> The nominal mode enables motion through the water at 3.6 km/h, and for speed-seekers, the SEABIKE can reach a maximum of 7.9 km/h – much faster than normal swimming speeds or even flipper-assisted swimming.
Main difference is recruiting much larger muscles, so at some point most humans will be faster over a longer period with the widget. Let Phelps train with this for a couple months and he'd be faster. Although probably sad, because he likes swimming.
Actually I think you are making a slightly different observation about acceleration. We were talking about top-end speed, not acceleration from a standstill.
Not really. Most serious lap swimmers can do a kilometer every 20 minutes sustainably, akin to a marathon runner's pace (Sprint pace would be 100m/minute, with 50m/minute being what you would see in the fast lane of most recreational pools). So 3.6 kph isn't all that different, maybe a little faster than average but I assume they were also using a better-than-average bicycle person when doing the test.
There real advantage here is that you can use leg muscle.
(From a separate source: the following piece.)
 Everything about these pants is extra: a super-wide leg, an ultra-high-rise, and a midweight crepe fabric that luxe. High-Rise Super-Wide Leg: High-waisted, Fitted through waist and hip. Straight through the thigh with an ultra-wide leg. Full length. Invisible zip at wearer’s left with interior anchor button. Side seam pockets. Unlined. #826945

Distance swimming is all about upper body muscles, with legs being the afterburners only really used for sprinting. This machine would invert that arrangement.
Nope. He would be horrible with this device. That would be like asking a champion sprinter to compete in a wheelchair race. He would be using totally different muscles, legs rather than arms, and get schooled by most everyone with a longer history. A champion bicycle rider would do better on this contraption than any champion swimmer.
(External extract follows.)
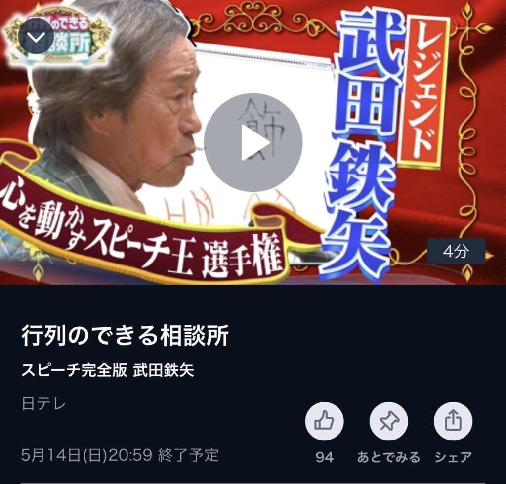 なんとTVerでは、武田さんスピーチ完全版が5月14日20:59までは無料で

(Due to water's density, champion speed swimming is also 80% technique and body shape rather than muscle/cardio. So until the technique is developed, nobody would be "good" with this thing.)
It has been a while since I was a competitive swimmer (AAA+) but imho five minutes is a very good time for 500m. That would be faster than 95% of master swimmers at such distances, and well into the 0.01% of humans overall.
Ah shit your right, I had in mind 500 (yard) Free. 500 meters in under five is very good, but still attainable by the upper tier of highschool swimmers I think. I could reliably do 500 yards in under five and was a "B relay" tier on my team.
A couple things. 500m is not actually an event. The event is 400 meters, which is roughly 500 yards. And a yard pool will only be 25 yards, not 50. So yard times are "short course" and not really valid for serious competition. A 25-meter/yard pool has fewer turns making them faster, much faster in breaststroke. And a 500-yard in a 250meter pool will include one extra lap, one extra turn, than a 400m in a 25-meter pool. Short-course/yard times all seem faster than they really should be, regardless of distance conversions.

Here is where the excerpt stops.